Theresa May, the former U.K Prime Minister, has slammed the government’s intention to deport some asylum seekers to Rwanda.
May stated in the Commons that she did not support the idea due to worries about its “legality, practicality, and efficacy.”
The program, according to Home Secretary Priti Patel, will be “a severe blow to people traffickers” and will prevent individuals from dying on risky routes to the UK.
Charities and opposition parties has also condemned and slammed the development.
Theresa May, who also served as home secretary overseeing the UK’s immigration policy between 2010 and 2016, asked if the trial scheme would lead to an increase in trafficking of women and children – after reports that only single men making illegal crossings to the UK would be sent to Rwanda.
People considered to have entered the UK illegally will be flown to the African country, where they will be processed and, if successful, will be given long-term accommodation.
“From what I have heard and seen so far of this policy, I do not support the removal to Rwanda proposal on the grounds of legality, practicality, and efficacy.
“If it is the case that families will not be broken up, does she not believe and where is her evidence that this will not simply lead to an increase in the trafficking of women and children?” May said in response to Ms Patel’s comments on migration.
However, Patel defended the policy saying: “Change is needed because people are dying attempting to come to the UK.”
Theresa May told MPs: “This partnership is the type of international co-operation needed to make the global immigration system fairer, keep people safe, and give them opportunities to flourish.
“This will help break the people smugglers’ business model and prevent the loss of life, while ensuring protection for those who are genuinely vulnerable.”
According to a memorandum of agreement between the two countries, the UK will assess asylum seekers “immediately” when they arrive in the country, and then give Rwanda with basic information about each person it wants to transfer.
All requests would have to be approved by Rwanda before being transferred, and the agreement would continue for five years.

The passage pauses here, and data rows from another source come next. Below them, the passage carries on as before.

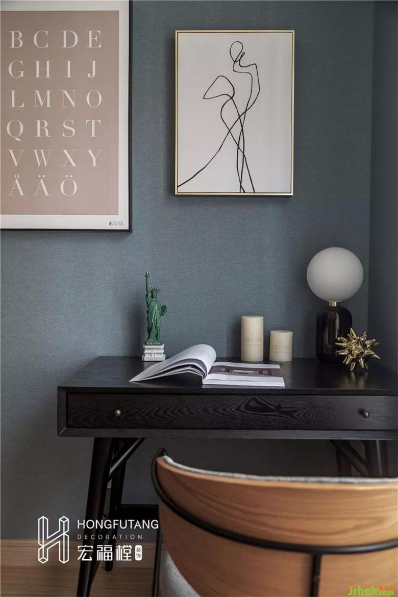 相對(duì)而言,整個(gè)空間面積有限,每個(gè)房間功能性都是多樣化,衣帽間除了作為業(yè)主日常衣物、首飾、鞋靴存放的地方,也為女主人提供了化妝臺(tái),彌補(bǔ)了主臥缺少的功能性設(shè)施;室內(nèi)設(shè)計(jì)師考慮到家中常駐兩人同時(shí)辦公造成的打擾,也利用簡易化妝臺(tái)建立了相對(duì)簡單的閱讀辦公區(qū),一空間三用。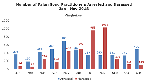 Prema podacima dostupnim našem portalu, u novembru 2018. godine je u Kini zabilježeno 486 slučajeva hapšenja praktikanata Falun Gonga, a dodatnih103 praktikanta su maltretirali zbog njihove vjere.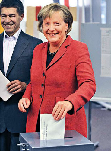 默克爾領(lǐng)軍的基民黨/基社黨(CDU/CSU),隸屬中間偏右的保守陣營(yíng),與主張自由競(jìng)爭(zhēng)市場(chǎng)經(jīng)濟(jì)體制和減稅的右派自民黨政見相近,兩黨組成聯(lián)合政府,德國(guó)的政治生態(tài)從此向右轉(zhuǎn),對(duì)投資環(huán)境和工商團(tuán)體有利,外交部長(zhǎng)一職,很可能由自民黨的黨魁威斯特威勒(Guido Westerwelle)出任。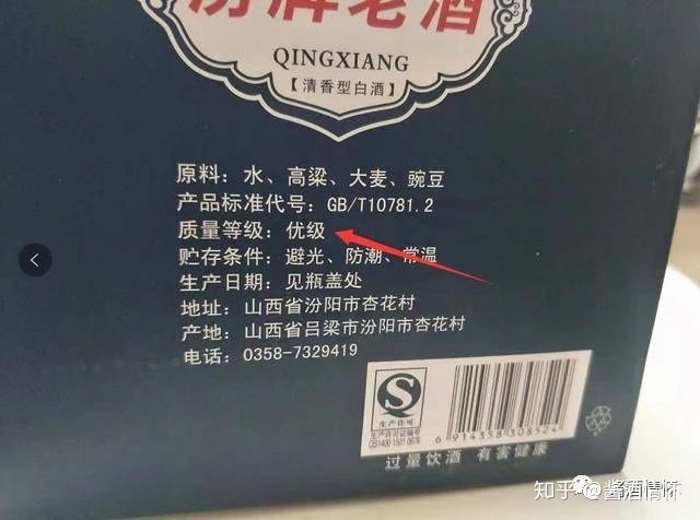 真正的白酒爱好者会选择优级产品。一级产品相对来讲要差些。比如酱香型白酒,必须是使用大曲酿制的才可以标注优级,如果是使用麸曲工艺只能标注一级。大家在市场上可以发现,即便是标记了优级的产品,价格差别也很大,有几十元的也有上千元的。这是因为,优级产品中也有高低之分,有非常精品的有机产品,也有刚踩数据标准线的优级产品。所以,这种识别方法只能作为一种参考,并不能完全确定标注优级的一定是好酒。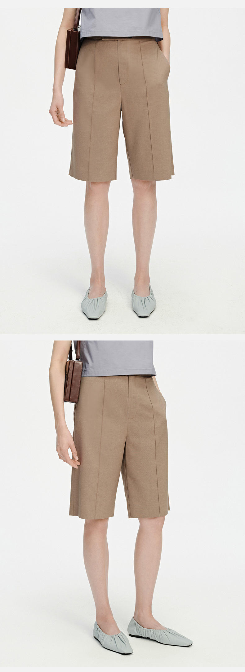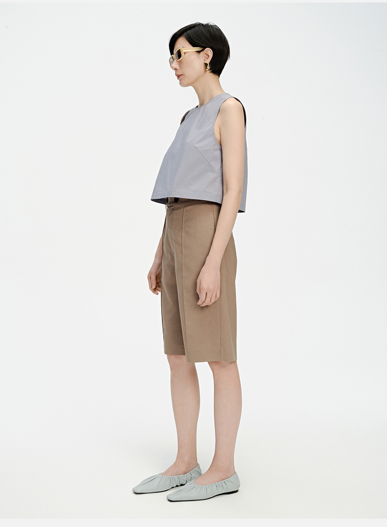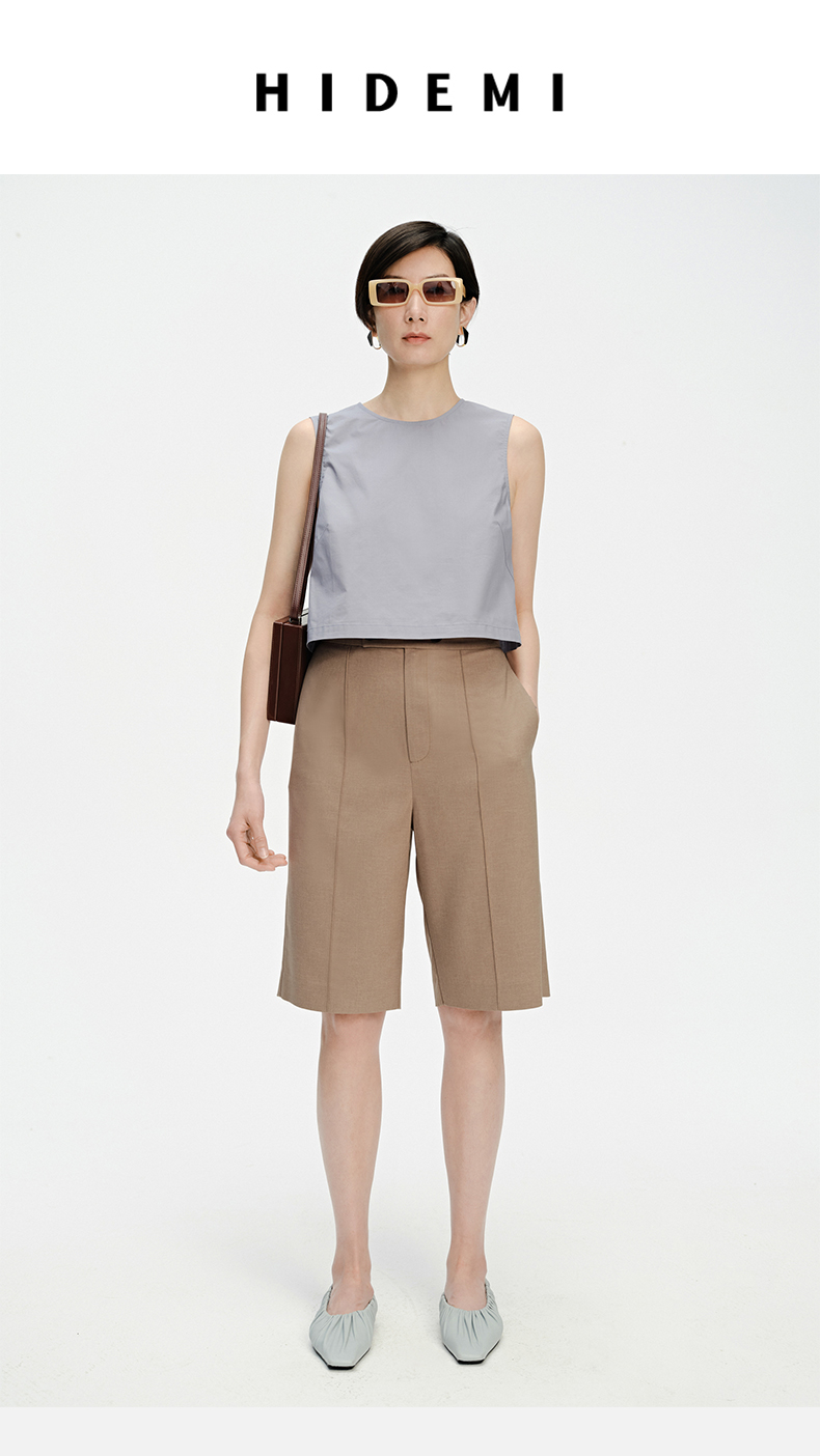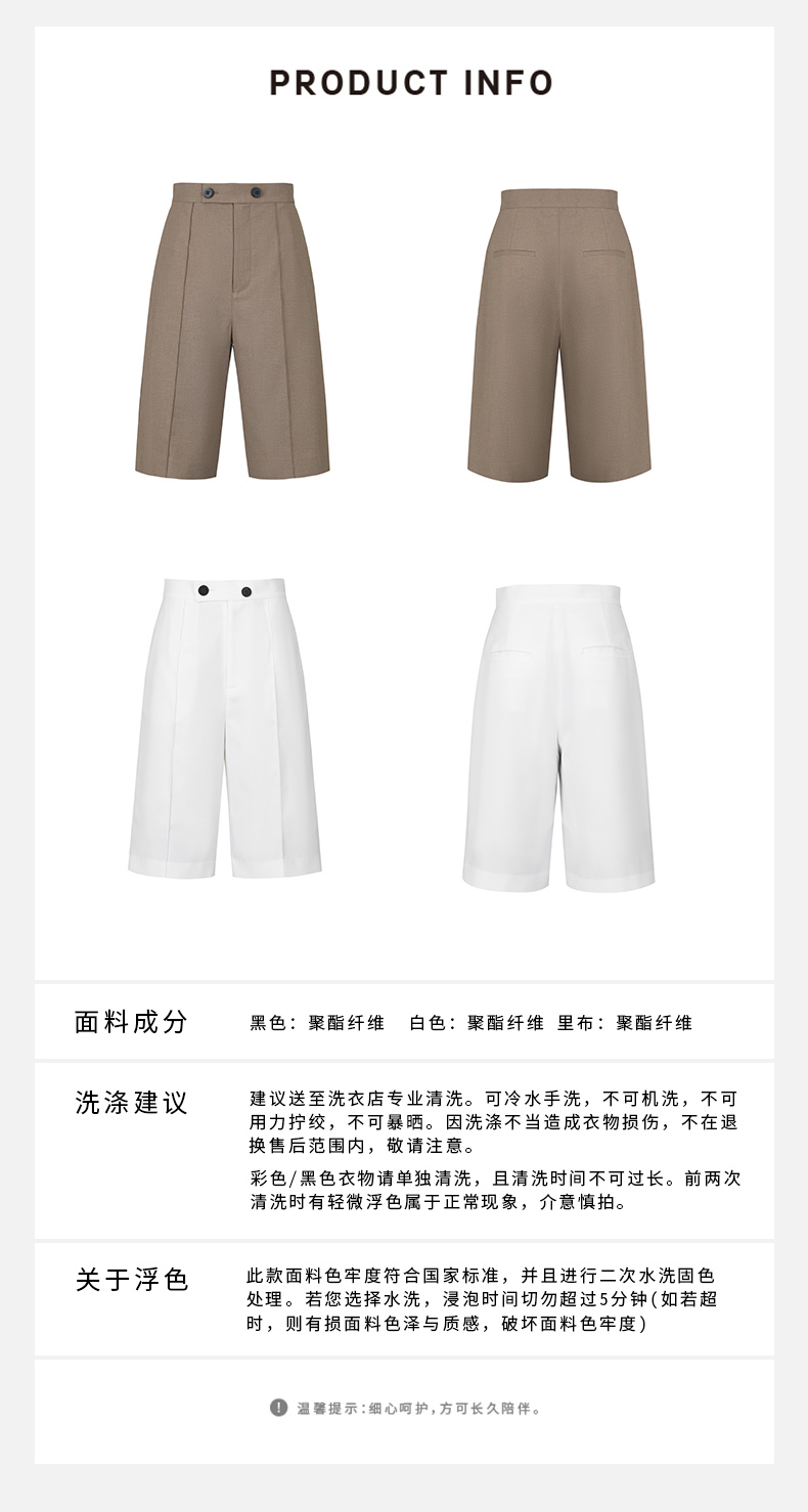 HIDEMI 两粒扣纤维显瘦西裤中短裤 奶茶色/白色
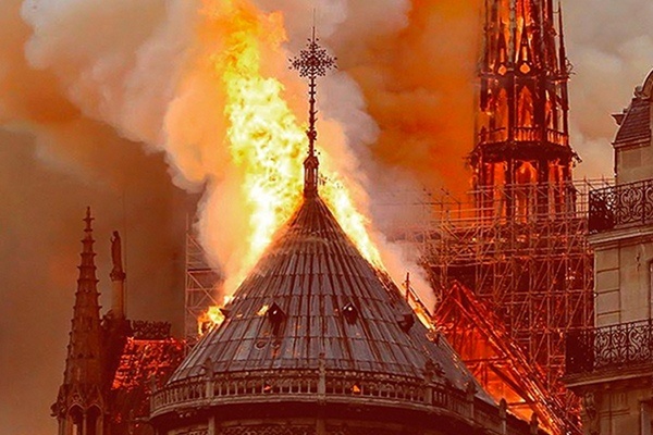 Огонь уже уничтожил часы и крышу. Пожар возник из-за рукожопов строителей, которые чинили крышу. Один из старейших и красивейших готических соборов мира загорелся сегодня в последствии реконструкции. По неосторожности возникло возгорание, которое практически моментально перенеслось на несущие конструкции с чердака. Уже обрушились часы и башня. Похоже, что сегодня от места паломничества в Париже останутся лишь руины. Около часа понадобилось пожарным, чтобы приступить к тушению Нотр-Дама На место пожара прибыл Макрон, ранее президент сказал, что ему больно смотреть, как горит частичка каждого из французов.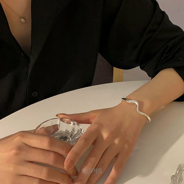 バングル ブレスレット ウェーブライン ニュアンス メタルライン シルバー シンプル おしゃれ 大人 高見江激安 安い プチプラ LUPIS ルピス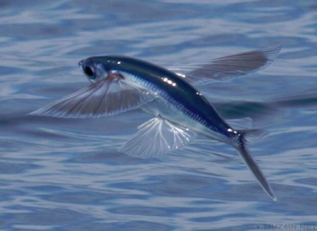 Есть 40 видов морских рыб, которые действительно могут летать, выскальзывая из воды и планируя. Подобно некоторым из вышеупомянутых животных, летучие рыбы используют этот метод, чтобы убежать от хищников, но они именно скользят, а не летят, как птица или летучая мышь, несмотря на то, что у них крыловидные плавники.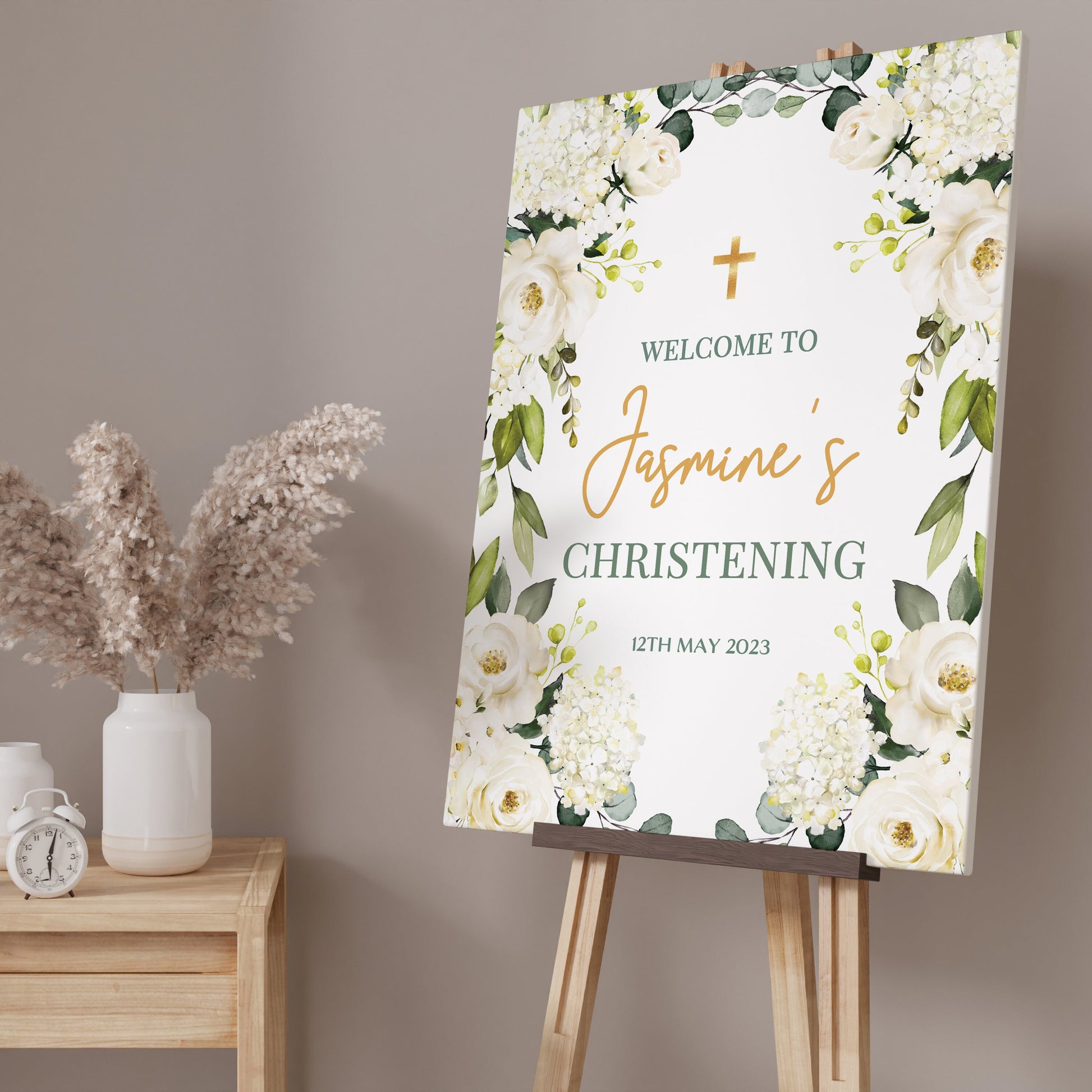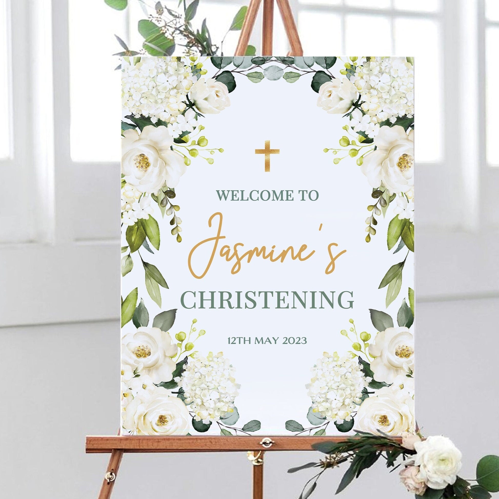 White Rose Christening Welcome Sign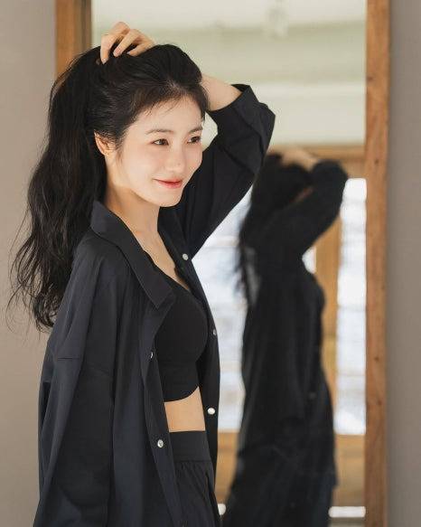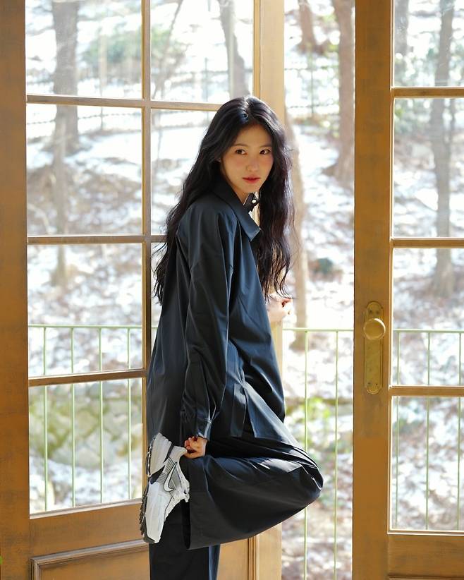 따뜻한 햇살 아래 긴 머리를 살짝 넘긴 신예은이 포근하게 앉아 있다. 블랙 셔츠 드레스를 자연스럽게 흘려 입은 그녀의 눈빛엔 여유가 가득하고,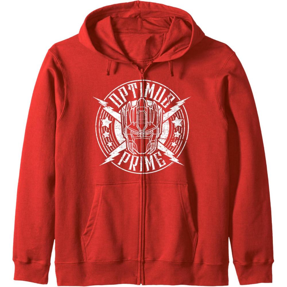 Transformers Optimus Prime Vintage Rock Lightning Logo Zip Hoodie(Red)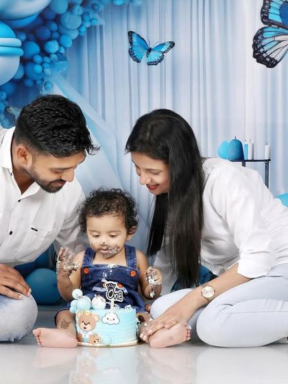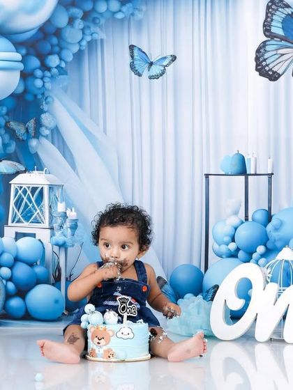 A cake smash is the perfect, messy way to celebrate a first birthday. I provide a fully decorated set, often with a theme like this blue butterfly backdrop, and capture all the fun as your little one dives into their first cake. I also make sure to get family shots during the session.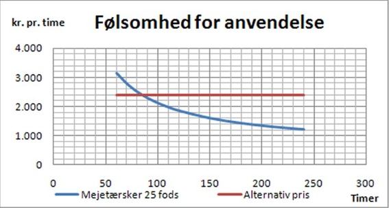 Figur 1. Eksempel på grafisk følsomhedsanalyse med angivelse af en mulig alternativpris. Skal mejetærskeren i eksemplet her køre mindre end 80 timer, er økonomien i alternativet bedre. Ved brug over 80 timer pr. år kan investeringen være attraktiv – afhængigt af, hvordan de øvrige forudsætninger udvikler sig.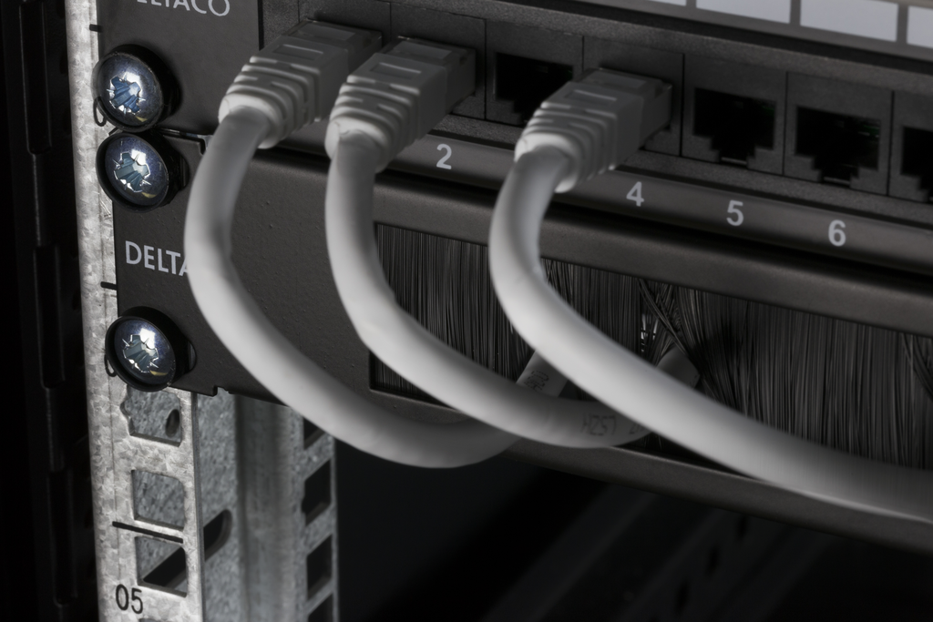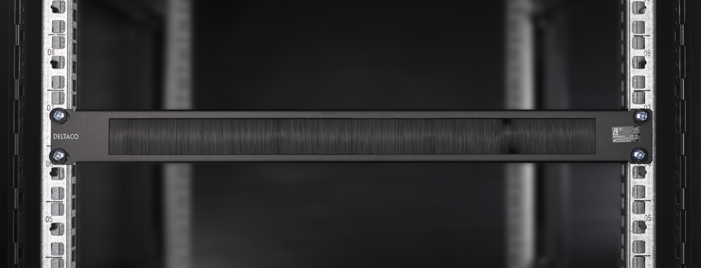 DELTACO 19" kabelgenomföring med borste, metal/nylon 1U, svart

Following their arrival in Rwanda, each asylum seeker will be provided with housing and support, as well as the freedom to come and go from their accommodations at any time, according to the memorandum.
If the asylum application is approved, the asylum seeker will be provided long-term housing in the African country.
Those who are not recognized by Rwandan authorities as asylum seekers will be deported to a country where they have a legal right to live.
Prime Minister Boris Johnson also called Rwandan President Paul Kagame on Tuesday evening to reaffirm his commitment to working with the African country.
The number of people known to have crossed the English Channel in small boats increased to 28,526 last year, up from 8,404 in 2020.
Recall that News Central on Tuesday reported Priti Patel responded to critics of the government’s plan to transfer asylum seekers to Rwanda, claiming that they have failed to provide answers.
After her top civil servant questioned whether the scheme was cost-effective, Patel issued a ministerial instruction, which meant she took responsibility for the policy.